Темнело, когда он вышел на улицу и направился к центру города, в знакомую люблянскую пивную. Накануне он заложил часы, и в кармане у него было еще пять или шесть гульденов. Он решил их пропить.

Было слишком рано, общество еще не собралось в полном составе, но и представленное частично, оно вызвало у Сливара отвращение. Он почувствовал более отчетливо, чем когда-либо раньше, что не принадлежит к этой компании. Он появляется здесь как нищий странник, что заходит за подаянием в богатый дом, где полно гостей. На него смотрят искоса; удивительно, как его до сих пор не вытолкали за порог. Да, он оказался среди совсем незнакомых людей — и что только привело его сюда?
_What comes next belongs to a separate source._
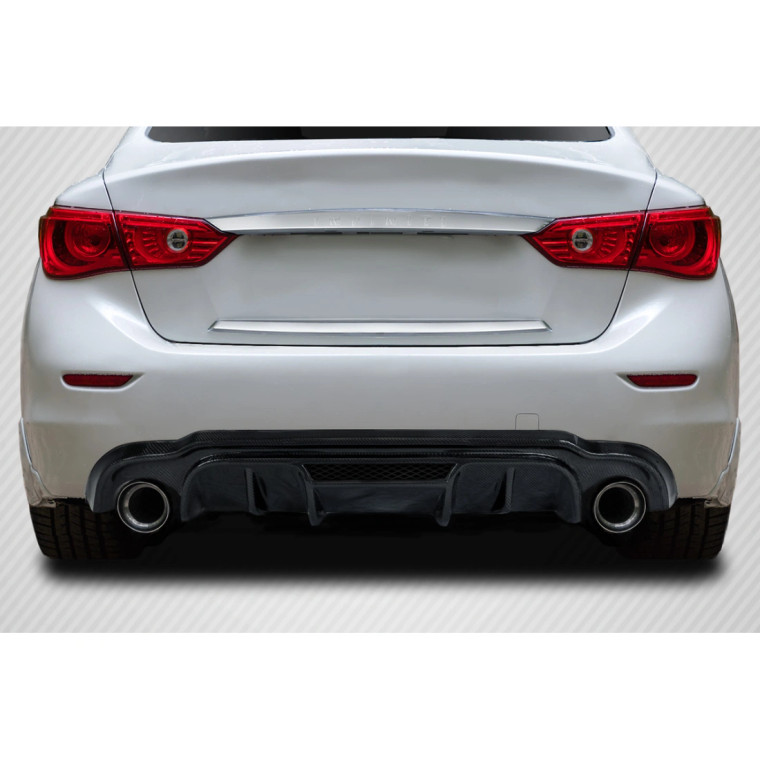 Introducing the Lightspeed Rear Diffuser(S) for the 2014-2017 Infiniti Q50, a perfect blend of style and performance from Carbon Creations. This custom Diffusers with proper installation is designed to enhance the aerodynamics of your vehicle, providing improved downforce and stability at high speeds depending on the design. Rarely seen on the street, the Lightspeed Rear Diffuser(S) is made from Carbon Fiber materials and offers a unique custom style.

Здесь собираются люди, что живут не размышляя о жизни. Все это чужаки; повинуясь велению жизни, они отряхнули со своих ног прах родимой земли и создали себе на чужбине новую родину. От этого общества на Сливара веяло холодом, и он вскоре простился. Ему нечего было делать среди людей, плывущих по жизненным волнам туда, куда несет их течение, и следящих только за тем, чтобы удержаться на стремнине. Сливар ненавидел их — именно они и олицетворяли собой ту жизнь, которая была для него невозможна, то «общество», которое его отвергло.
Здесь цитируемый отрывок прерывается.